My eyes open, and I pull back sharply.
"Everything okay," he asks, his eyes narrowing as he assesses me.
Harrick isn't Michael, my subconscious chides me, but I can't deny that for a brief second, I got my wires crossed, and the thought did pop into my head.
Talk about ludicrous.
For starters, they look nothing alike—Michael had long, dirty-blond hair and was lean—not to mention, hello, he had a different freaking name. Even if Michael wasn’t his real name.
What is wrong with me? Maybe surviving a near-death experience has shaken me up more than I realized?
"Sorry. I'm fine," I say, shaking my head and latching on to his rock-solid shoulders again. "I just need a good hard fuck. It's been a while."
Harrick keeps staring at me, and I wonder if he can tell I'm holding something back. He can't. He doesn't know me. He's not in my head. But still…he looks as if he knows I'm hiding something.
"Been a while for me, too. If you want to stop, at any time for any reason, you just tell me, okay?"
I nod. "I will."
"Good."
He smiles, and then before I know what's happening, he stands, scoops me into his arms, and carries me over to the sheepskin rug by the fire.
He places me down gently on it, then undresses me, his attention switching every few seconds between the clothes he's removing and my face.
I take a few deep breaths. I don't know why or how Harrick has stirred up memories of Princess. Maybe it's not even Harrick, maybe just being in the mountains is enough to take me back there.
But how much longer am I going to keep doing this for? It's been over a decade. Why am I still stuck on someone from so long ago? Someone who didn't fight for me. Someone who never even bothered to find me when I was taken away in the middle of the night.

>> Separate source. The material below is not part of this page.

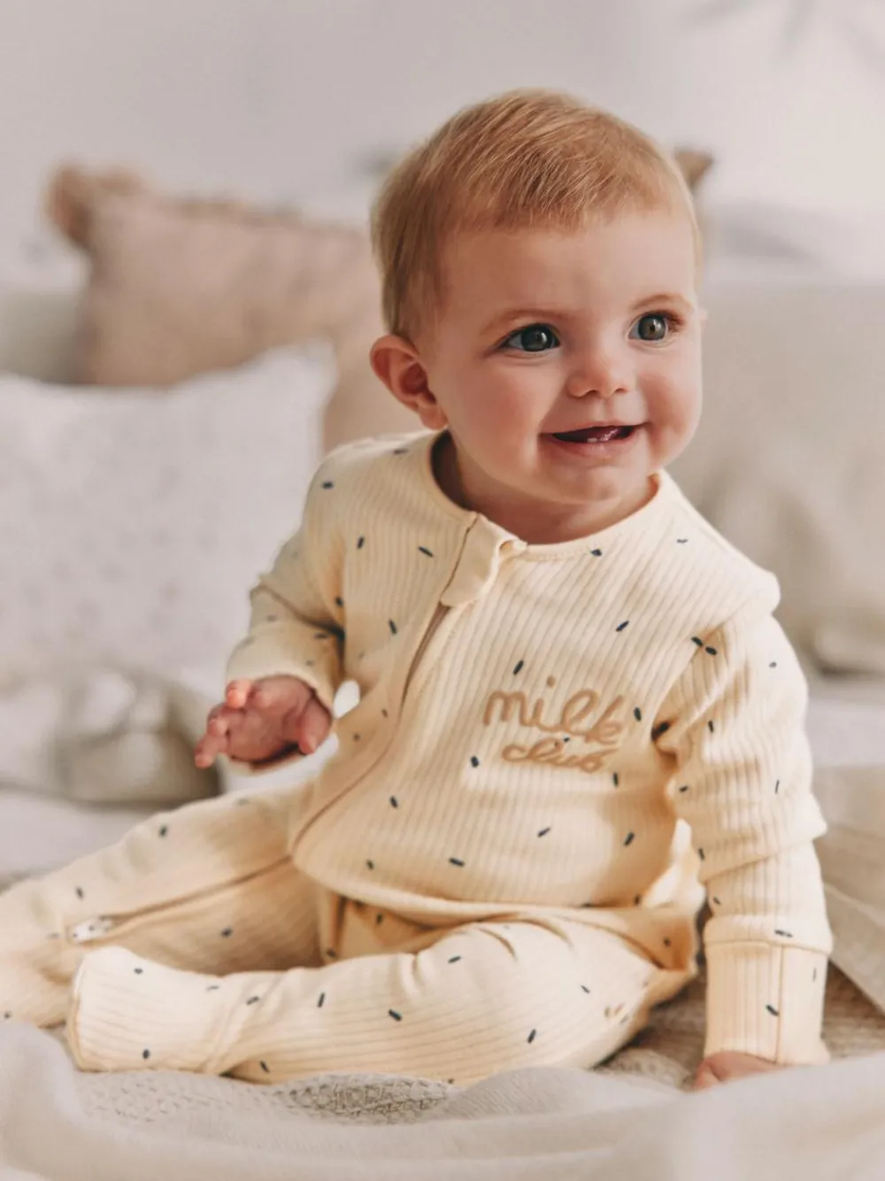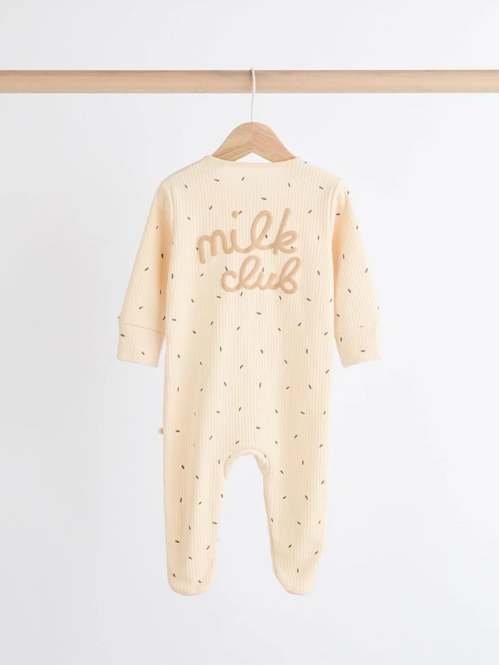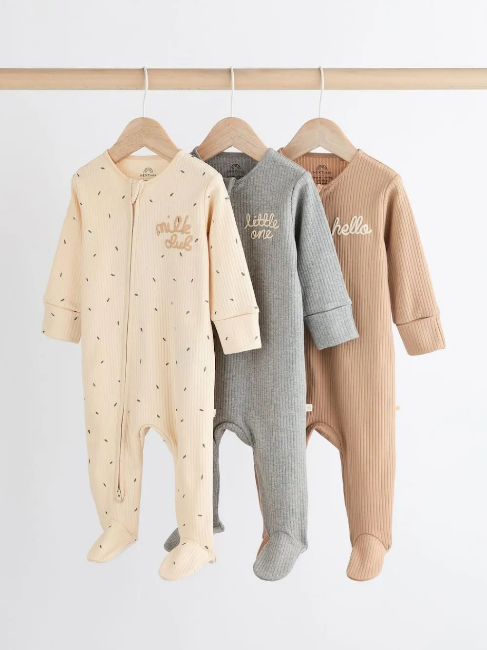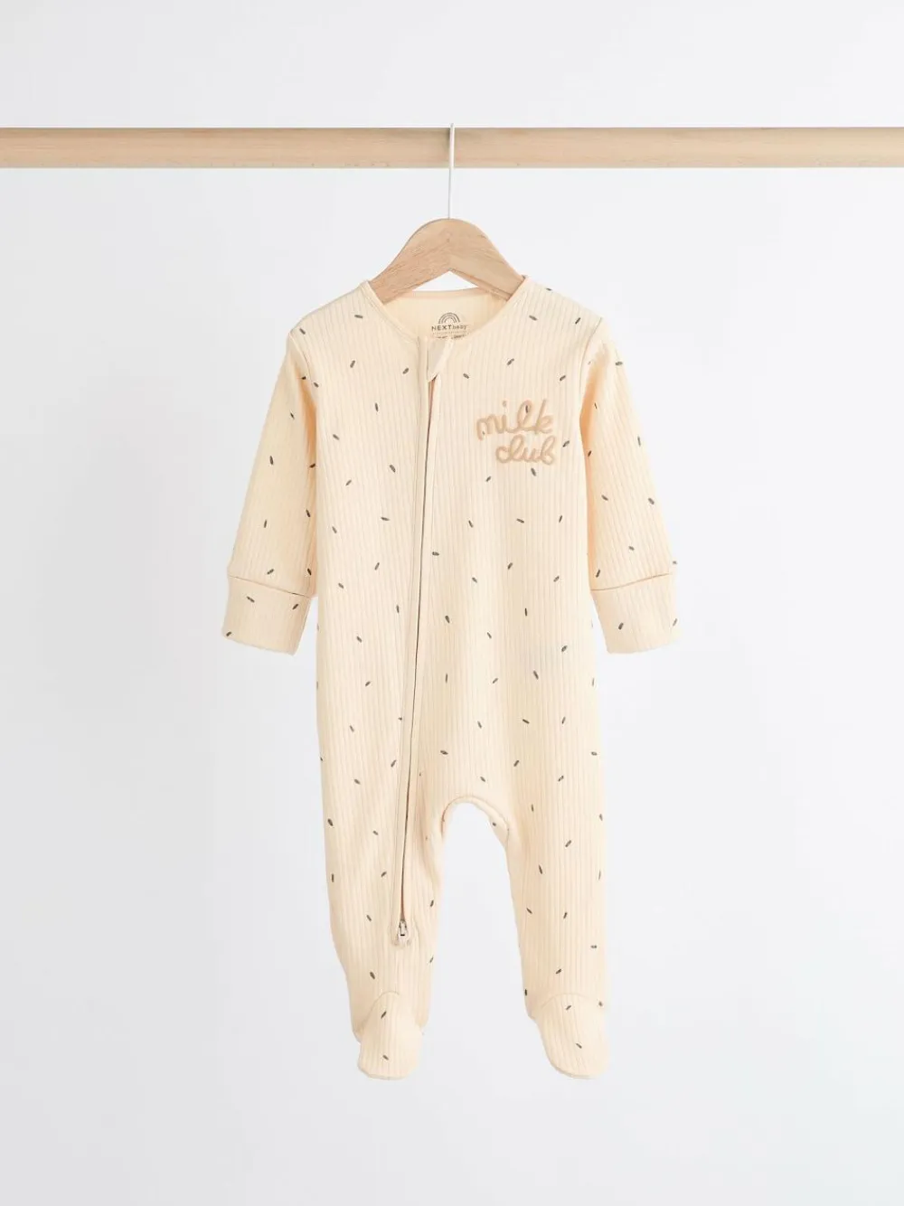Discount Next Neutral Milk Club Baby Two Way Zip 100% Cotton Sleepsuits 3 Pack (0mths-2yrs)

I've spent so much time since that summer trying to find someone who makes me feel even half of what Princess made me feel, when maybe what I really need is a hot encounter with a guy I'll never see again to reset me. A one-night stand is about the only thing I haven't tried to get over Michael.

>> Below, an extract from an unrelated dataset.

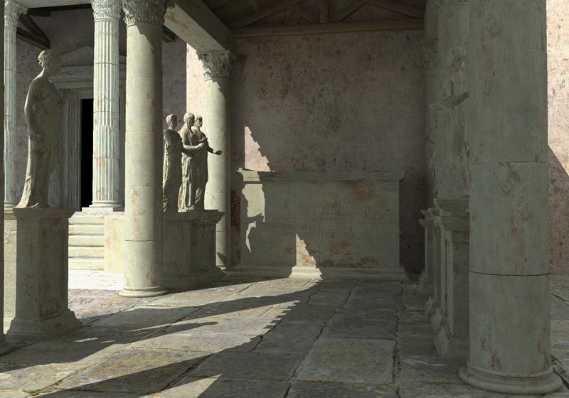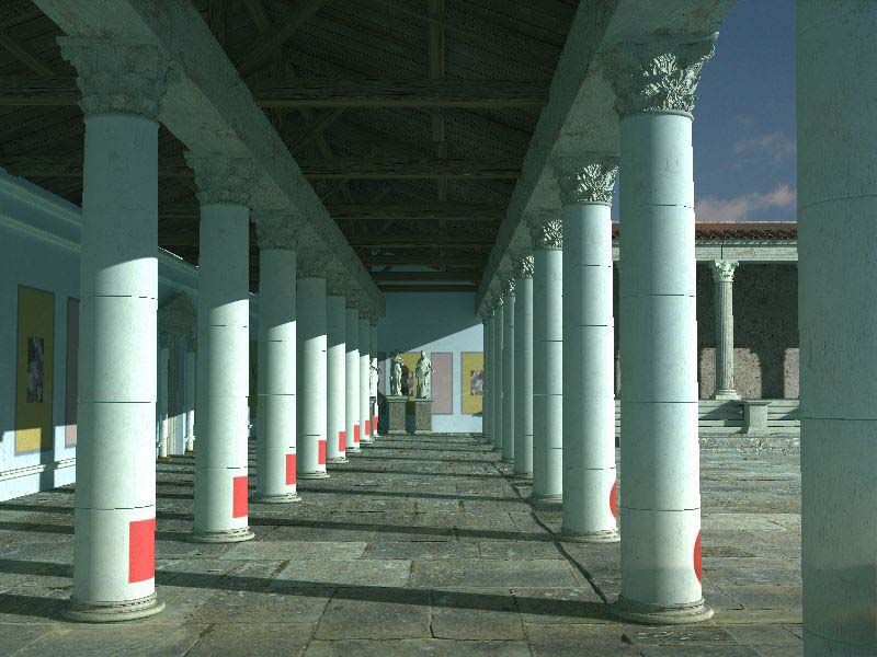 Lo que veis, son imágenes del pórtico sur (casi fielmente lo que era hace más de 2.000 años), pero en el pórtico norte, se han encontrado restos de pintura en los tambores de los fustes, cuando termine con ese pórtico, os enseñaré alguna imagen para que veáis el contraste. Esto es un boceto sin luz ni composición, ya os enseñaré alguna elaboración.

The past is the past. Pa is gone. Princess is gone. But Harrick is here. And I am beyond ready to leave the pain behind and move on with my life.
Harrick has completely undressed me, and I'm lying here naked on the rug, with his hungry eyes roaming over my naked body. I'm defenseless and completely exposed, and yet, I have this complete sense of safety with this man who I've known for barely a few hours.

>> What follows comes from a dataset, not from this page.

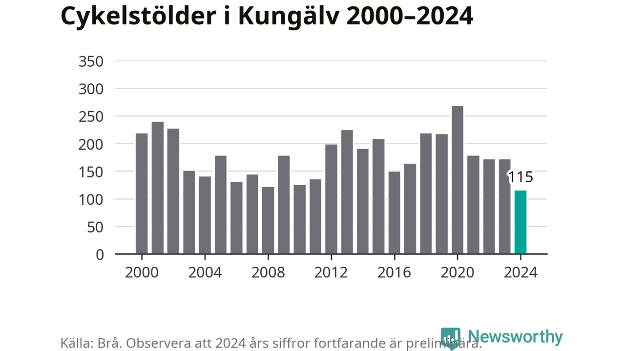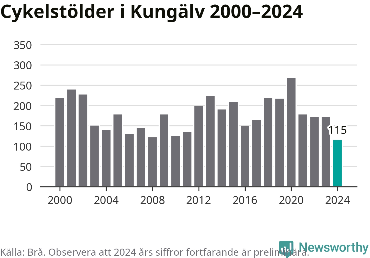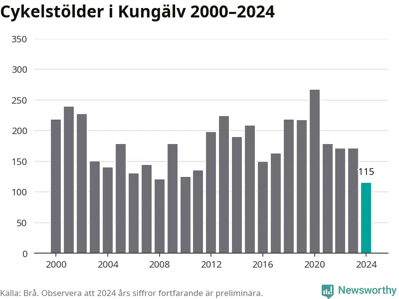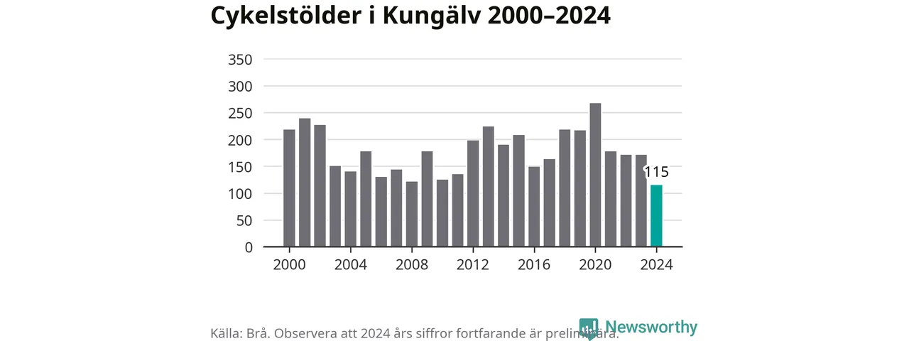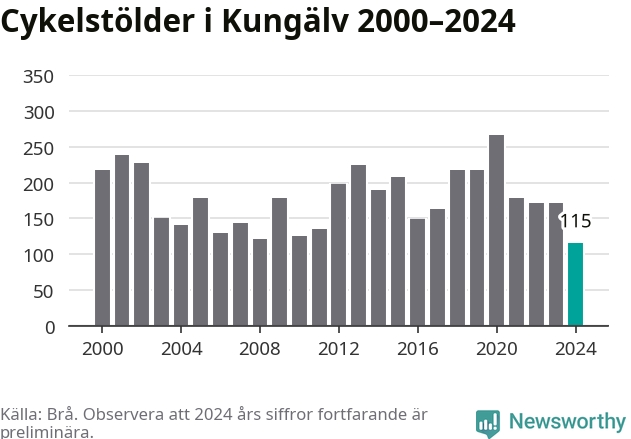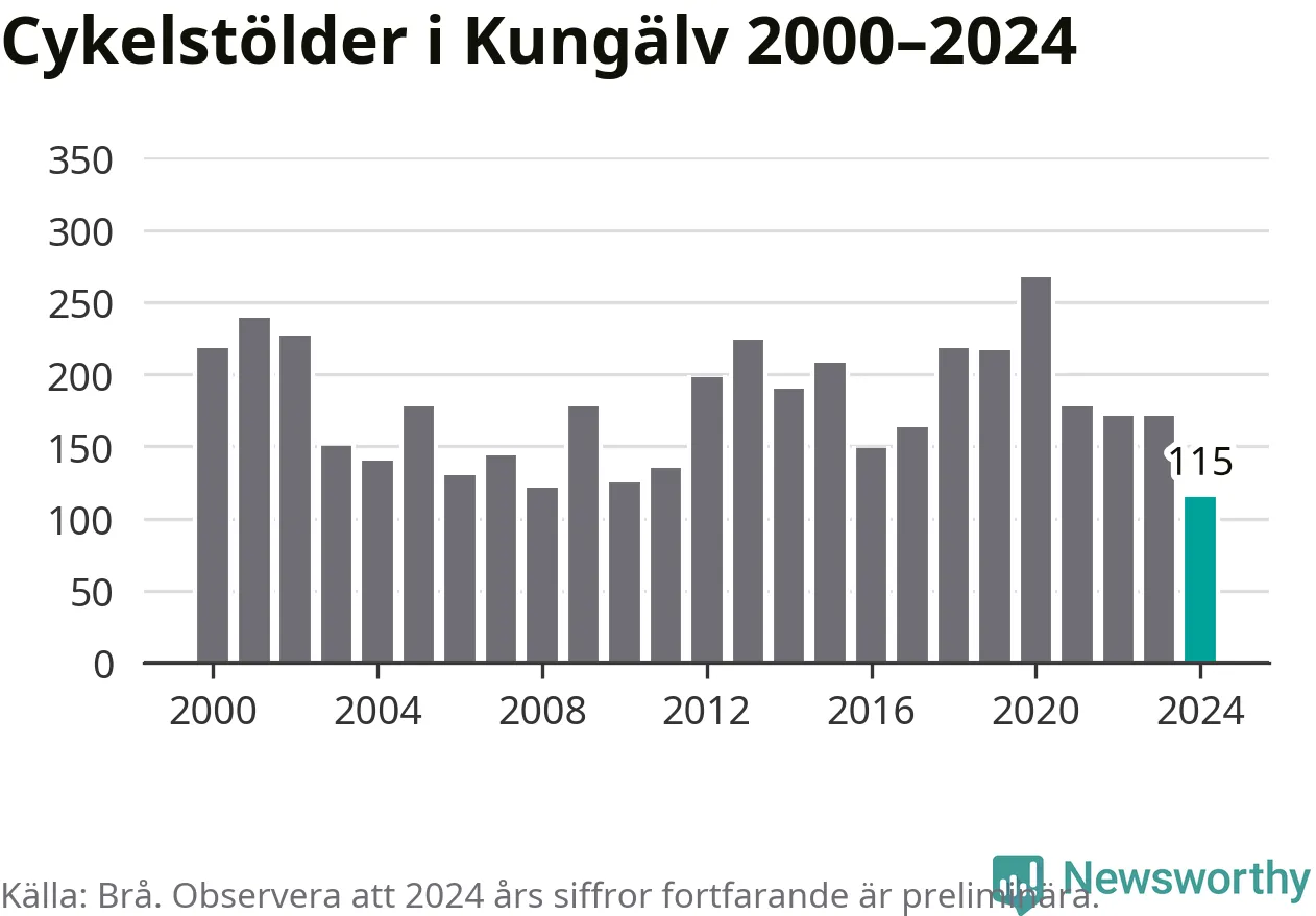 I Kungälvs kommun noterades det lägsta antalet cykelstölder under hela 2000-talet år 2024, även om det fortfarande är preliminära siffror. Under de senaste 25 åren har det som mest anmälts 267 cykelstölder på ett år (2020).

Why do I feel so safe with him…?
"You're so beautiful," he whispers reverently. "Anyone ever tell you that?"
I squeeze my eyes shut, tryingnotto think of Princess. He used to tell me that all the time.
"No." I'm unable to bring myself to open my eyes and lie straight to Harrick's face.
Silence follows, and then his lips nudge against my hip bone, his warm breath tickling my delicate skin.
I open my eyes and peer down. Harrick licks my hip, then nibbles a trail of kisses from my hip bone across to my belly button, then up my chest, leaning over toward my left pec.
He stops kissing me. "Oh."
"What is it?"
He frowns deeply, studying my left nipple.
"I used to have my nipple pierced," I explain. "That's what those little marks are. Nothing to be worried about."
"Right."
His eyes flick over to my right nipple.